John Agresto, former president of St. John's University, posits that the decline of the humanities is "less a murder than a suicide" and suggests that our survival depends on a "return" to a "Great Books" curriculum (such as that taught at St. John's). What's "ruined" the humanities, according to Agresto, is "hyperspecialization" and, especially, critical theory which he claims, "limit[s] students' free inquiry" by committing such travesties as "portray[ing] the founding fathers as mere 'white racists.'"  Next comes the usual "let's go back" argument, calling for us to return "to an older mode of instruction, and instilling critical thinking skills." The article posits that there was a time when the liberal arts were a 'gift' given to everyone," evoking an imagined golden age of "classic liberal arts instruction . . . in which a cat may look at a king." 

I'm still trying to make sense of bashing "critical" in one breath (Critical Theory=Bad) while praising it in the next  (Critical Thinking=Good).  To be sure, it is overly simplistic to portray the founding fathers as "mere white racists," when historical contexts and those who function within them are highly complex, always have been and always will be. There's always more to the story than just one facet.  (I would add, despite being taught by a good many critical theorists myself, I was never taught to interpret history in the simplistic manner suggested here--my learning was far more nuanced than that, and thus this characterization of critical theory as a "limit on free thinking" reads to me like a caricature.)

Yet it's equally if not more simplistic--not to mention un-critical--to ignore the huge blind spots at the core of America's founding: the bold visionary declaration that "all men are created equal," made by a group of men, many of whom owned slaves, at a time when indigenous people were being forced off their own land, while half the population--women--went unmentioned.

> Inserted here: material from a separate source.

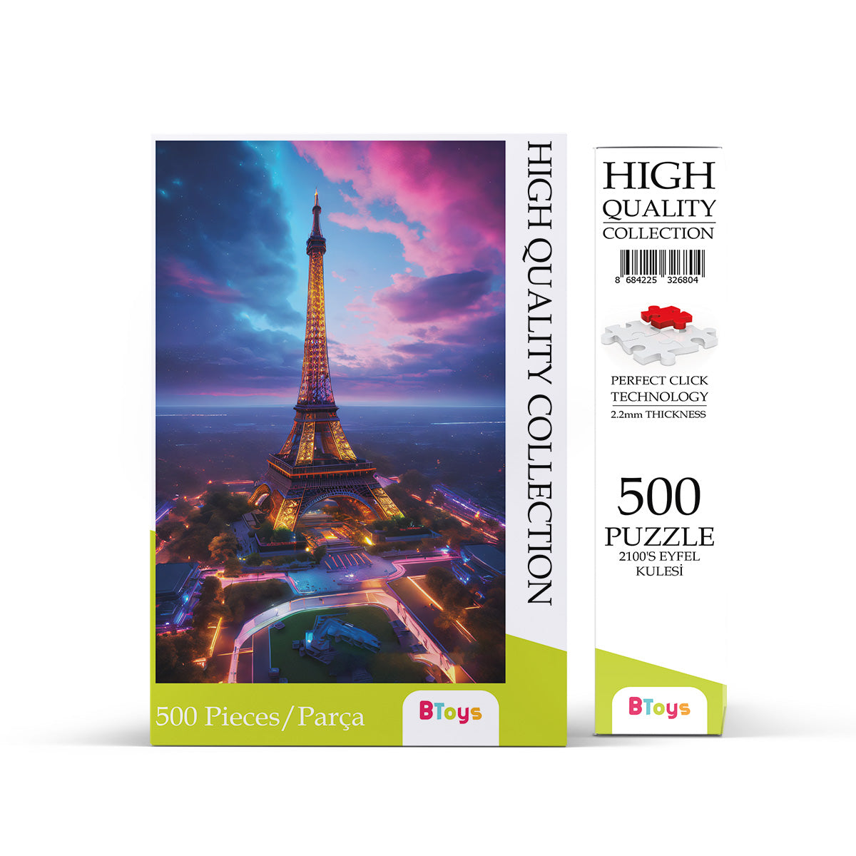 Geleceğin Paris`inde, 2100`lerde Eyfel Kulesi`ni keşfetmeye hazır mısınız? "Eyfel Kulesi 2100`ler" temalı 500 parçalık bu puzzle, hem çocuklar hem de yetişkinler için mükemmel bir eğlence ve zihin egzersizi sunuyor.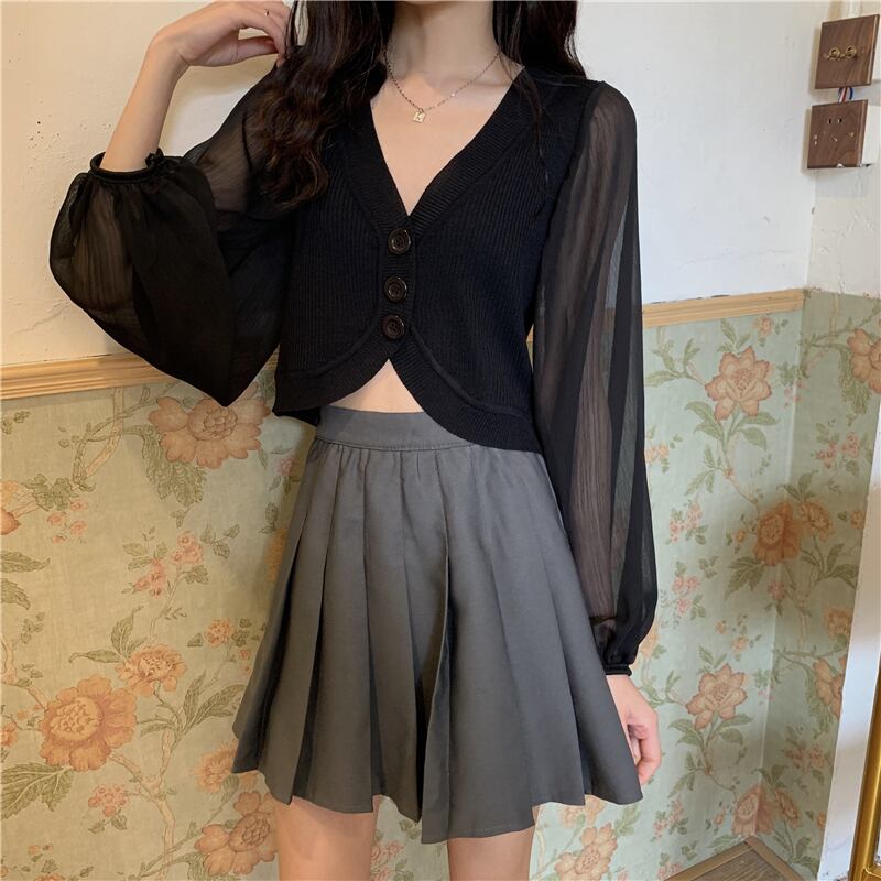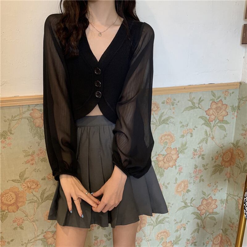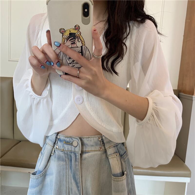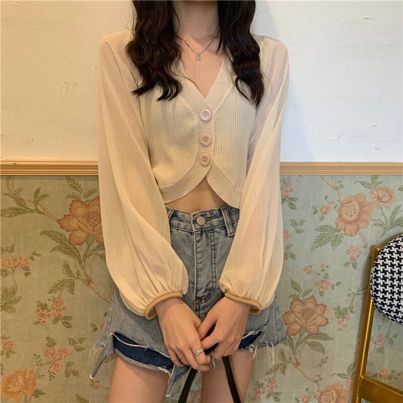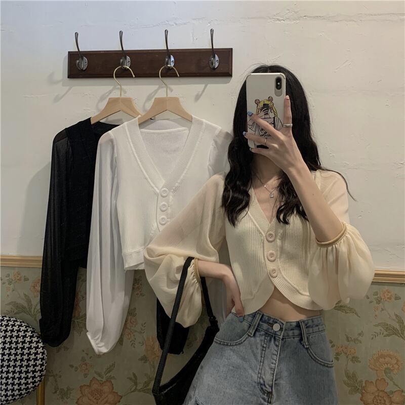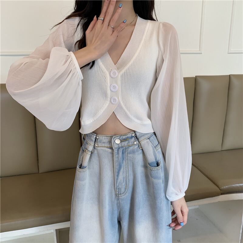 シフォンVネックカーディガンセーター スプリングサマーショートカジュアルシャツ ロング 春物 夏物 ステッチ YY-ファッション34376154071

Is it really accurate to characterize a superficial and triumphalist interpretation of history or literature as a "gift" to everyone, when during that supposedly golden age of the liberal arts, most people were actually left out of the picture being presented? My own critical thinking process tells me "No."  (Thank you to my critical theory professors.)

And when exactly was this time when "a cat may look at a king"?  When I think backward, what I recall is a time when most people didn't even have a shot at college education; and if those from society's less elite sectors somehow did manage to enter the university, they rarely found their own experiences or perspectives reflected in what they were required to study.  (Furthermore, while a few "cats" here and there may have gotten occasional glimpses of "kings," education has never been so radical that the "kings" were in turn taught to look at--let alone think about--the "cats.")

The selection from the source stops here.